◆ TASK DESCRIPTION ◆
Every line from the one with "布熱茲諾碼頭位於波蘭格但斯克" through the end of the entries below must be retyped exactly, and only those lines. The pictures are not part of the copy.

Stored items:
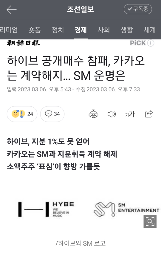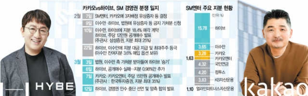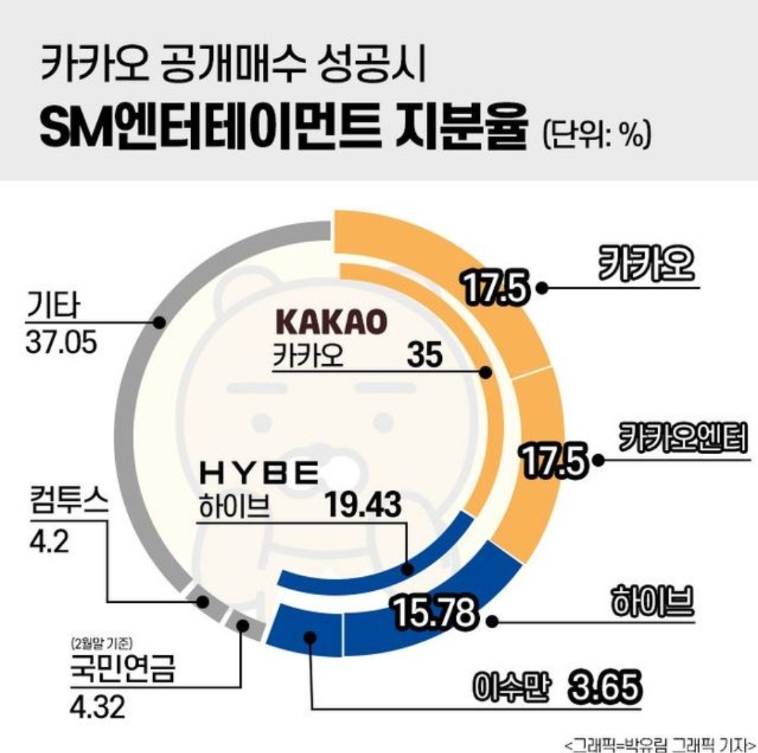 SM을 두고 카카오와 경영권 싸움을 했던 하이브가 자신들이 가지고 있는 지분을 카카오에 판다는 소식입니다. 이렇게 되면 SM으로 인한 경영권을 둘러싼 전쟁을 통해 최대 혜택을 누리는 곳은 하이브가 되겠네요. 물론 방시혁을 욕할 사람들이 많을 거예요. 그런데 카카오와 머니싸움을 할 수준은 안되고, 카카오가 대주주이길 원하는 상황에서 경영권 참여도 없이 SM주식을 가지고 있는 게 아무런 혜택이 없는 게 사실이지요. 카카오 입장에서도 미래적 경쟁자를 대주주로 데리고 가기보다 적당히 돈을 쳐주고 지분을 받아내는 게 보다 안정적인 경영이 가능하니 서로 윈윈 한다 할 수 있습니다. 물론 이 전쟁이 카카오가 SM을 적은 돈 들여서 먹으려고 하다가 이수만의 반발을 사면서 시작된 거예요. 이수만도 적절한 보상을 받고 팔..
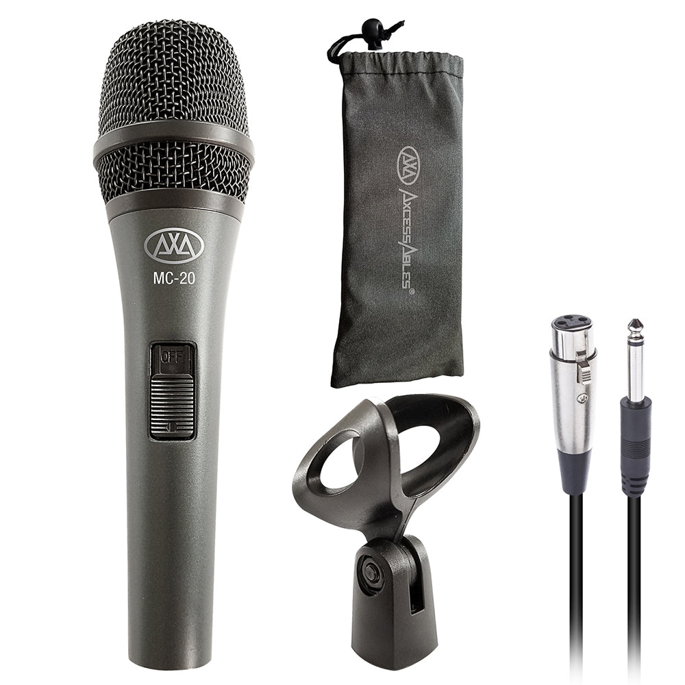 The AxcessAbles MC-20 is a dynamic cardioid microphone engineered for lead vocals, stage performance, and public speaking. Featuring a built-in presence boost, it delivers crystal-clear sound with enhanced vocal clarity—perfect for working musicians, DJs, and live events.
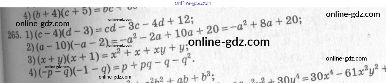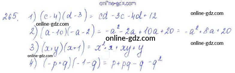 Готовые домашние задания по Алгебре за 7 класс Учебник Алимов, Колягин 2014 - §17. Умножение многочлена на многочлен Глава 3. Одночлены и многочлены 265
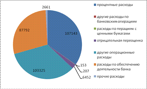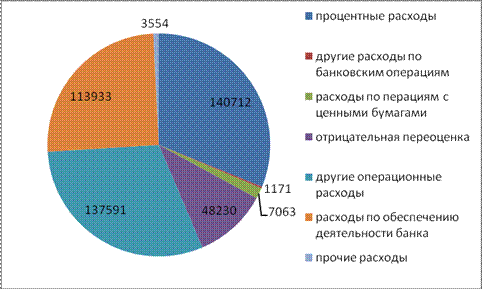 Из таблиц видно, что наибольший удельный вес занимают процентные расходы, а также другие операционные расходы.При этом произошло снижение удельного веса операционных расходов,если в 2007 году они составляли 33,6 % от общих расходов,в 2008 -30,4 %,а в 2009 –26,4
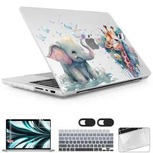 Lepeoac for MacBook Pro 16 inch Case 2021 2022 2023 2024 Release A3186 A3403 M4 A2991 M3 A2780 M2 A2485 M1 Pro/Max, Hard Shell Case with Screen Protector & Keyboard Cover, Elephant & Giraffe
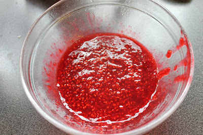 Rør til alt er smeltet. Ha så mere av den kalde bringebær purèn over i denne skåla og rør sammen. Ha så dette over i resten av bringebær purèn og rør det godt sammen
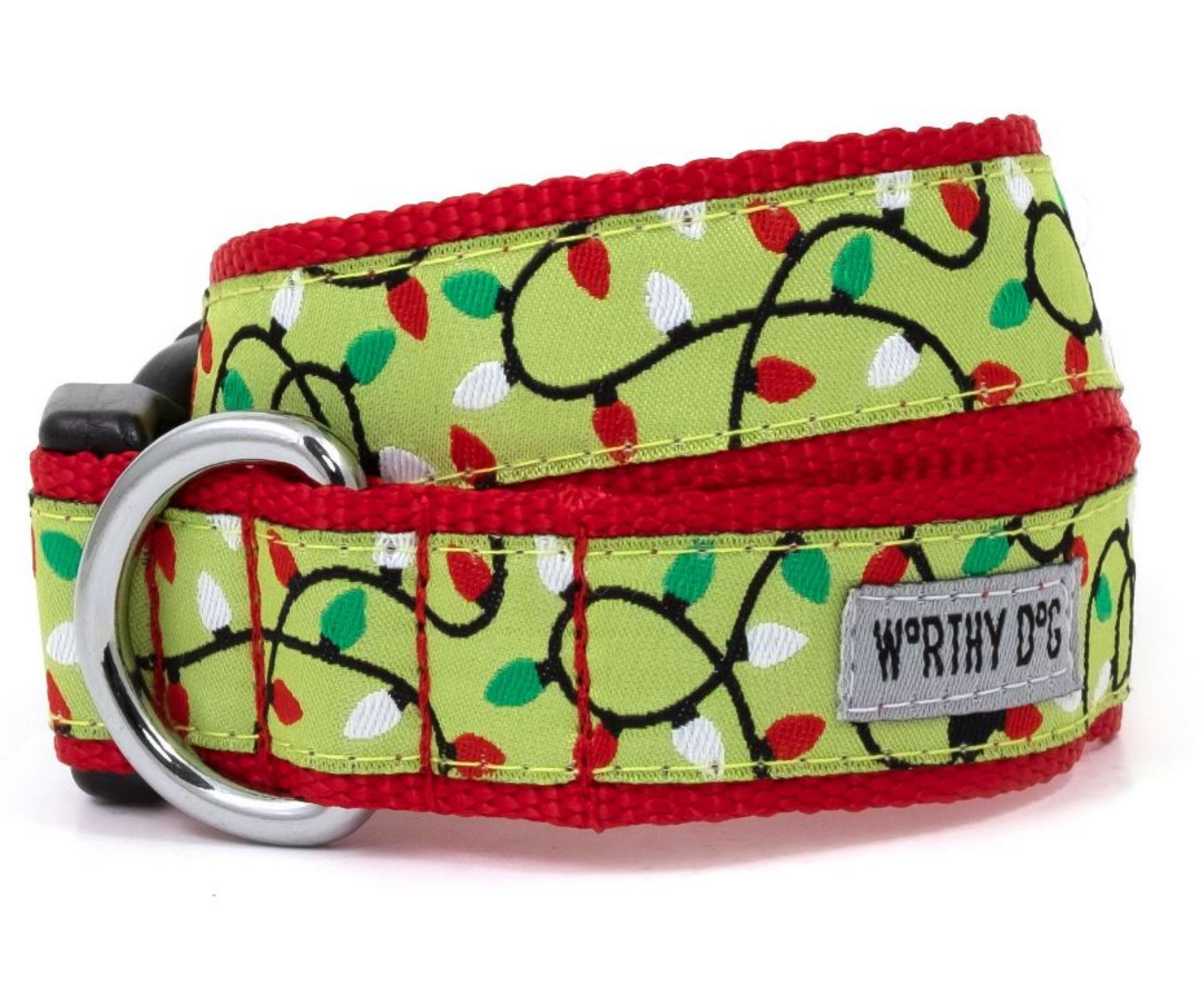 The Worthy Dog adjustable collar focuses on both durability and style, featuring woven ribbon sewn onto comfortable and durable nylon webbing with a snap clasp and nickel-plated D-ring
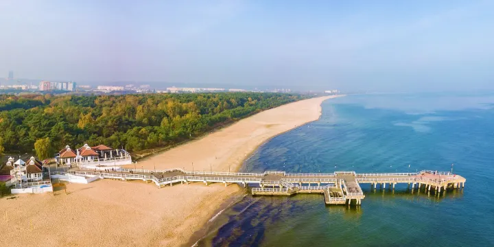 布熱茲諾碼頭位於波蘭格但斯克市的布熱茲諾區,是波羅的海沿岸一個受歡迎的旅遊和休閒景點。漫步在碼頭上,遊客可以欣賞到波羅的海的壯麗景色,尤其是在日出和日落時分,海天一色,景色尤為迷人。碼頭上設有長椅和觀景台,是遊客放鬆和欣賞自然美景的理想場域。除了自然風光,布熱茲諾碼頭附近還有許多其他景點和活動。遊客可以在附近的海灘享受陽光和海水浴,適合家庭和朋友一起度過休閒時光。海灘上設有各種設施,包括沙灘排球場和兒童遊樂區,為遊客提供了豐富的活動選擇。因此,格但斯克布熱茲諾碼頭不僅是欣賞波羅的海自然美景的好地方,也是體驗波蘭海濱文化和休閒生活的好地方。
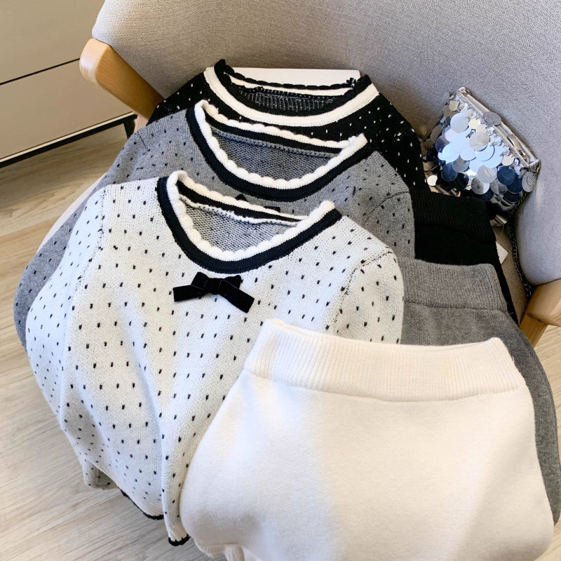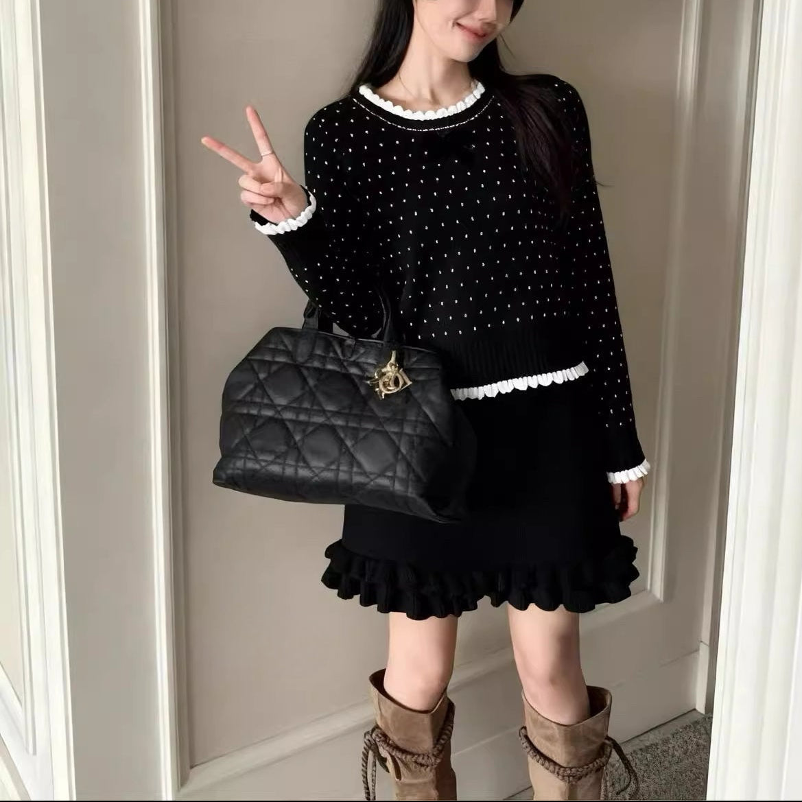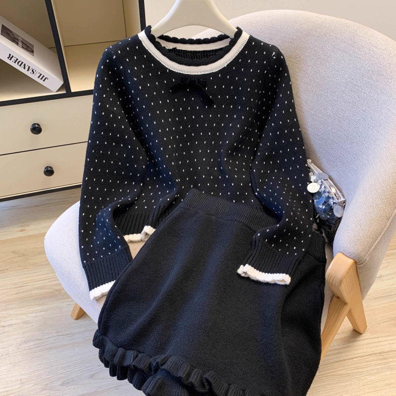 雨上がりのパリの街角を歩くドットリボンフリルセットアップ_R0435
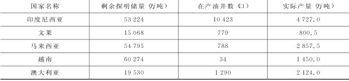 表3-9 东南亚主要国家和澳大利亚2010年石油储量及开采量

◆ ANSWER SECTION ◆
 布熱茲諾碼頭位於波蘭格但斯克市的布熱茲諾區,是波羅的海沿岸一個受歡迎的旅遊和休閒景點。漫步在碼頭上,遊客可以欣賞到波羅的海的壯麗景色,尤其是在日出和日落時分,海天一色,景色尤為迷人。碼頭上設有長椅和觀景台,是遊客放鬆和欣賞自然美景的理想場域。除了自然風光,布熱茲諾碼頭附近還有許多其他景點和活動。遊客可以在附近的海灘享受陽光和海水浴,適合家庭和朋友一起度過休閒時光。海灘上設有各種設施,包括沙灘排球場和兒童遊樂區,為遊客提供了豐富的活動選擇。因此,格但斯克布熱茲諾碼頭不僅是欣賞波羅的海自然美景的好地方,也是體驗波蘭海濱文化和休閒生活的好地方。
 雨上がりのパリの街角を歩くドットリボンフリルセットアップ_R0435
 表3-9 东南亚主要国家和澳大利亚2010年石油储量及开采量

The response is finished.